Peculiarities of the English Language The English language was created in

The English language was created in England. Throughout history, this language has spread to many parts of the world. It is used as a link language for International business and diplomacy.

According to Madhukar N. Gate, it has taken thousands of words from other languages such as French, Latin, German, Greek and so on. We can even find Sanskrit words in English. For example: Guru and Pundit are two Sanskrit words used in English. English grammar is quite simple, in many languages nouns have grammatical gender which makes some verbs and adjectives change. This doesn't happen in English. The adjective 'big' is used with all nouns such as man, woman, child, book etc, as well as applying to both singular and plural nouns.

Counting large numbers in English is very simple. For example, twenty-one, twenty-two, twenty-three, etc forms a series. The next one is thirty-one, thirty-two, twenty-three etc. In other languages, numbers are unrelated and have to be memorized. English has changed some words, which hurt some peoples feelings. For example the word 'Christian name' when many Hindus and Muslims started using English, as it became awkward. So the word Christian was changed to First name. The word Negro caused some offense and was changed to Black person.

About two hundred years ago, Americas leaders changed some spelling. For example British spelling c-o-l-o-u-r was changed to American spelling c-o-l-o-r and a student writing the word (sell) as s-e-l would loose marks in his/her exams. There are certain characteristics of English that cause problems to non native English speakers. These are some of the most common examples that I found during my research, written by Curtis R. Brautigam: The verb-adverb combination is peculiar to English such as 'turn on', 'turn off' or 'mark down'. In other languages, single specific verbs are used in place of the English verb-adverb combination. A combination like 'turn off' is problematic because in English it has several meanings. You can turn off a light, or you can use the word 'turn off' when talking about something repulsive. Another peculiarity is the verb 'to do' .In many languages the verb 'to do' and 'to make' have the same meaning. In English they are different, which means that sometimes phrases like 'Do you speak English'' can cause problems to non native English speakers.

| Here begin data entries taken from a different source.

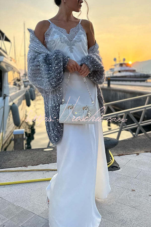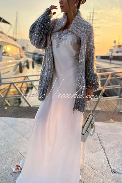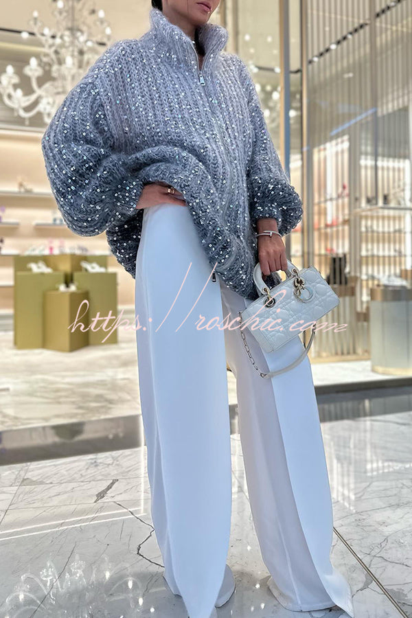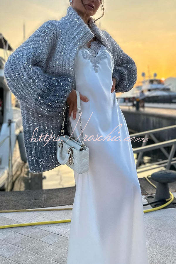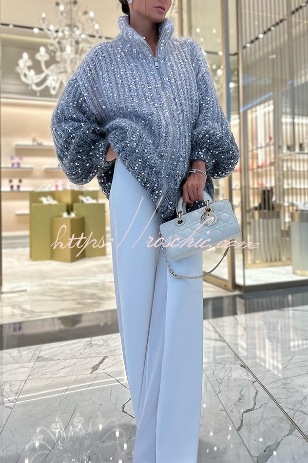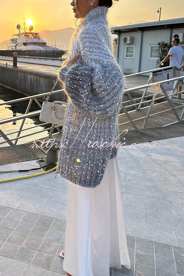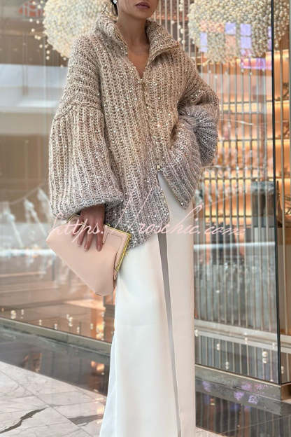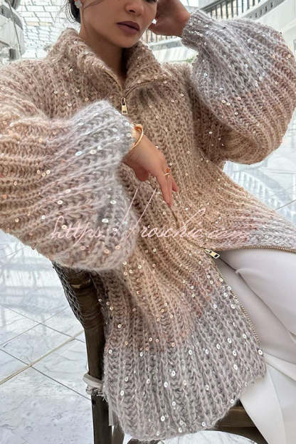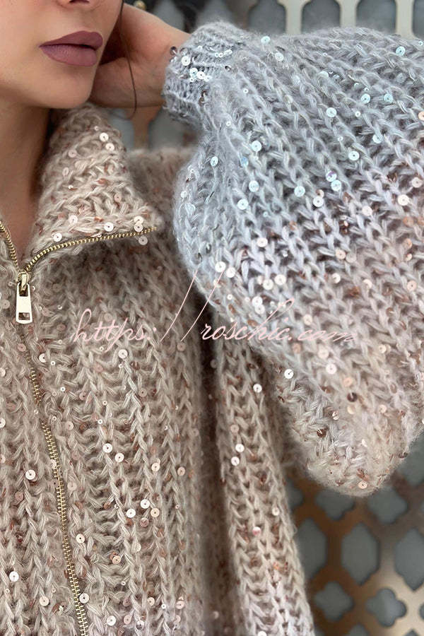 Warm Shining Heart Knit Sequin Balloon Sleeve Zipper Neck Loose Cardigan
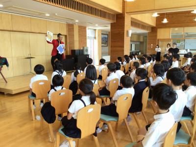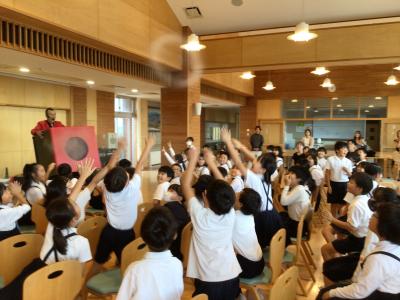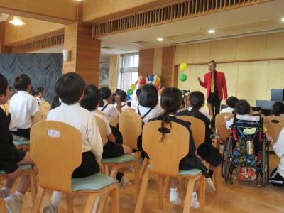 今日は「感性のびのび体験」事業で、学校に「笑顔泥棒」マジシャンルパンをお呼びしマジックショーを楽しみました。次から次へと出てくるマジックに子どもたちは引き込まれ、大いに盛り上がりました。
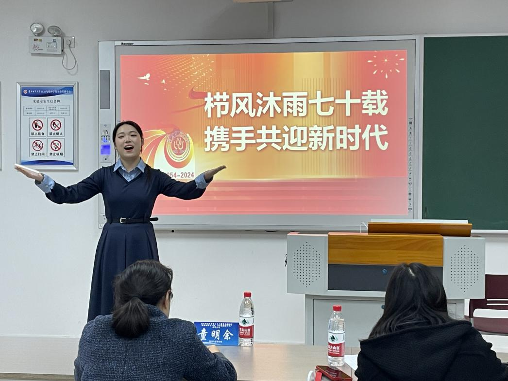 作为评委代表,任缙老师充分肯定了选手们的出色表现,指出此次演讲比赛是同学们语言表达与思想深度的集中展示,更是对母校七十载辉煌历程的真挚献礼。演讲作为一种艺术形式,承载着传递思想、激发情感的重任。她希望同学们通过语言的魅力传递自己的梦想,同时也肩负起新时代赋予的使命,成为能够深度思考、勇于实践、努力奋进的新时代青年。

I also found very curious that when it comes to translating English into other languages, sometimes the size of the text increases when we translate from English to certain Western European languages, and other times decreases when we translate from English to Hebrew for example. I find this fact very fascinating. I also wanted to include this piece of article that I found during my research written by Bill Bryson where he mentions that some people think that in English it is not correct to end a phrase with a preposition. He spoke about Winston Churchill who was editing a proof of one of his books, when he noticed that an editor had rearranged one of his sentences, so it wouldn't end with a preposition, so he scribbled in the margin 'This is the sort of English up with which I will not put'. Another example that I personally thought was amusing is this dialogue occurred in a place called Hahvahd: 'Excuse me, where is the library at'' 'Here at Havhavd we never finish a sentence with a preposition' 'O.K. Excuse me, where is the library at, a**hole''

In conclusion, what I find so remarkable is how being a native English speaker we articulate in such different dialects and how the English language has such different grammar rules compared to other languages.